FEW would doubt that the most important theological encounter for Christians today is with Islam. Prominent Anglicans have long been ahead of the game in this. The former missionary Sir Norman Anderson lectured in Islamic Law at Cambridge and at SOAS. Bishop Kenneth Cragg introduced Islam to a Christian readership in The Call of the Minaret (1956).

Today, the Cambridge Interfaith Programme runs courses and promotes research into Islam and other religions. The aim of such encounters is not theological agreement, but a respectful entering into a faith that is related historically to our own. Yet little of this percolates through to the average congregation. This is a shame, because the one thing a real encounter with a passionate believer from another faith should produce is a deeper understanding of one's own faith.

My first such meeting was when a young Muslim in a café in Mombasa presented me with a green-bound copy of the Qur'an in Swahili, and asked me whether I had ever felt that there was something missing from my life. His upfront approach reminded me of Evangelical Christianity.
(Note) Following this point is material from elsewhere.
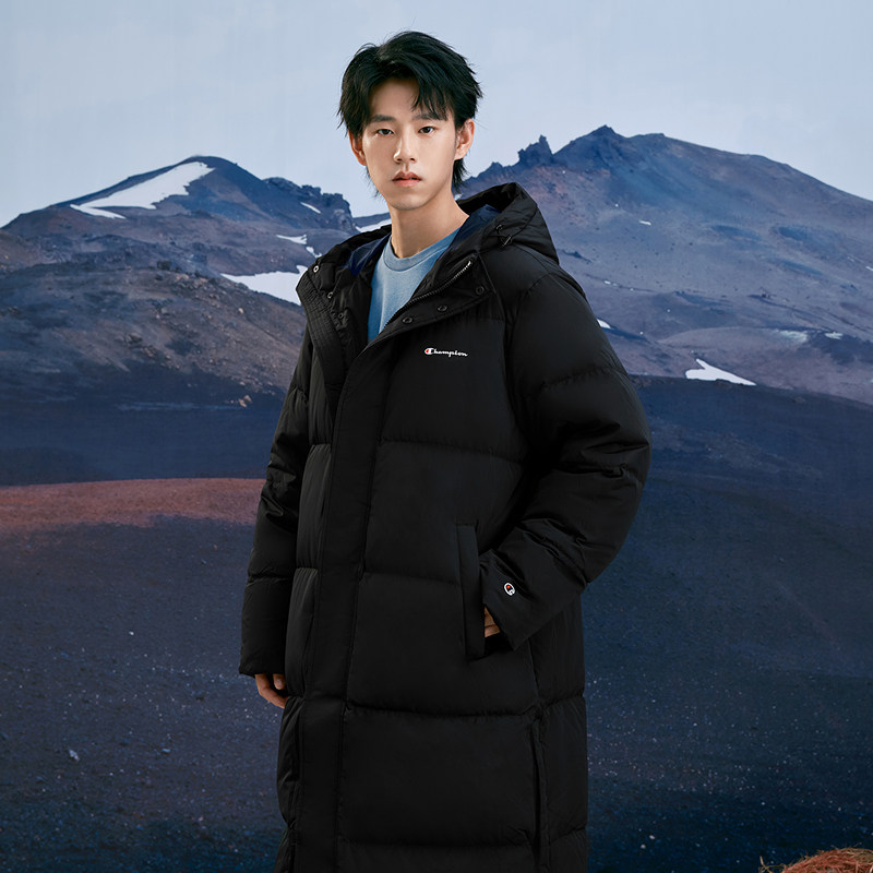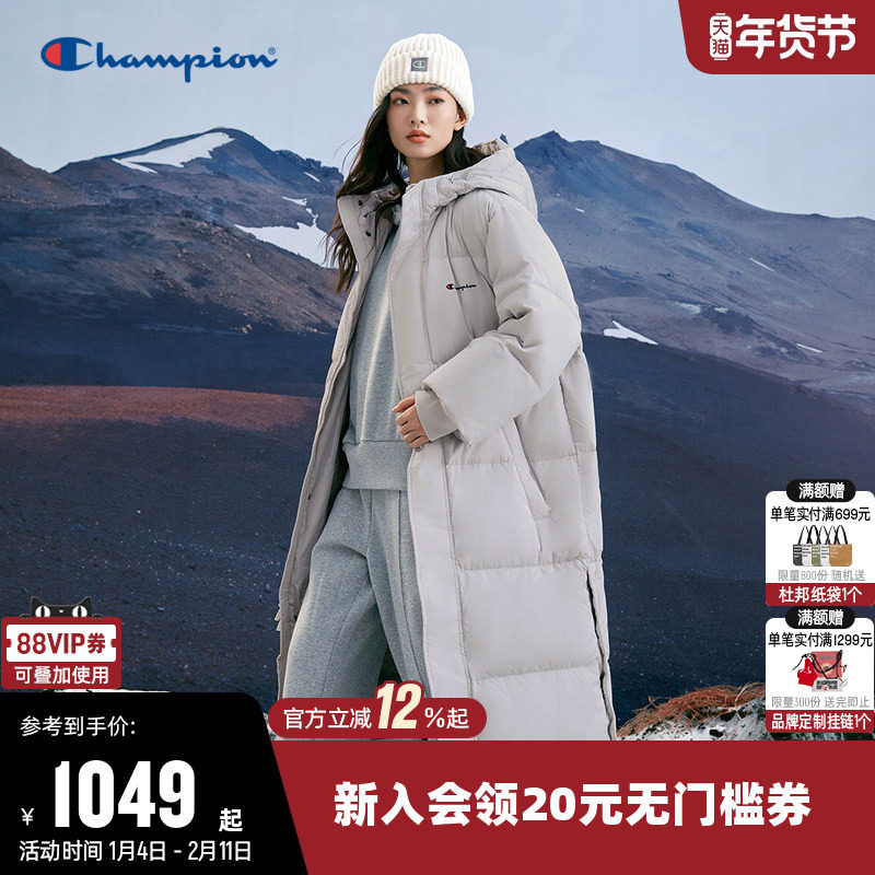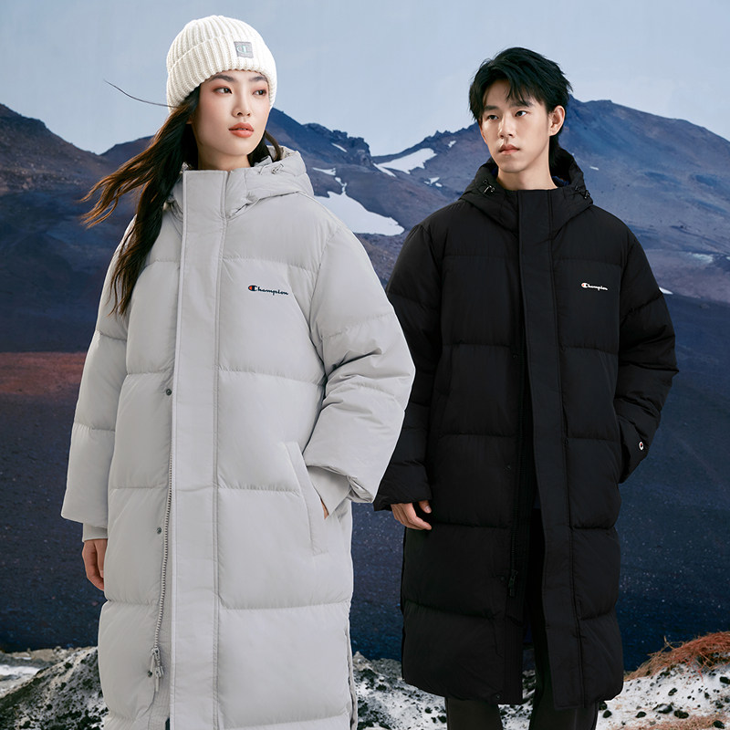 📚 Champion冠军长款羽绒服女冬季加厚情侣连帽保暖休闲宽松外套男潮

As I reflected on our meeting, I realised that, for Christians, there is no option other than to recognise that the God proclaimed in the Qur'an is the one we call the Father of our Lord Jesus Christ. We are not talking about "other gods". Nor are we into a clash of civilisations. Thank God that British far-right campaigners realise that the contemporary Church offers zero support for a nationalist Christian agenda.

Christianity and Islam have been closely interlinked for centuries. We owe to Islamic translators our knowledge of Aristotle and the tradition of natural theology which Thomas Aquinas bequeathed to the West. What baffles me is why so few contemporary Christians are interested in theology. Why do eyes glaze over at the mention of the Trinity, and why are we faintly embarrassed by the Creed?
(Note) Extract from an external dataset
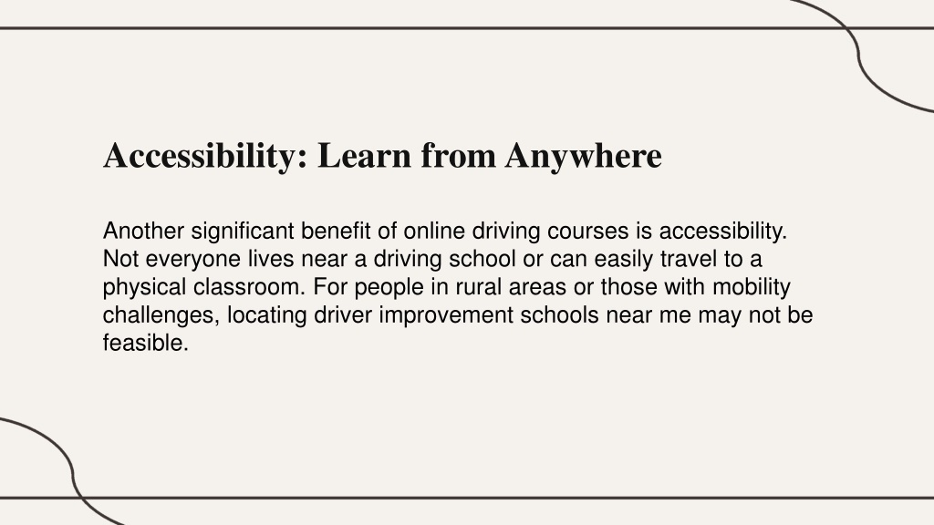 Accessibility: Learn from Anywhere • Another significant benefit of online driving courses is accessibility. Not everyone lives near a driving school or can easily travel to a physical classroom. For people in rural areas or those with mobility challenges, locating driver improvement schools near me may not be feasible.

A deepening encounter with Islam could sharpen our understanding of our faith, at a time when it is in danger of dissolving into well-meaning moralism, tinged with sentimentality. Visits to Egypt over the years have taught me the spiritual potency of lay theology. I have debated fifth-century Christology with a Coptic Christian taxi-driver, whose grasp of what was at stake was superior to that of the ordinands I used to teach. This is because it really mattered - just as the content of their faith mattered to the driver's Muslim counterparts.

The Revd Angela Tilby is Diocesan Canon of Christ Church, Oxford, and Continuing Ministerial Development Adviser for Oxford diocese.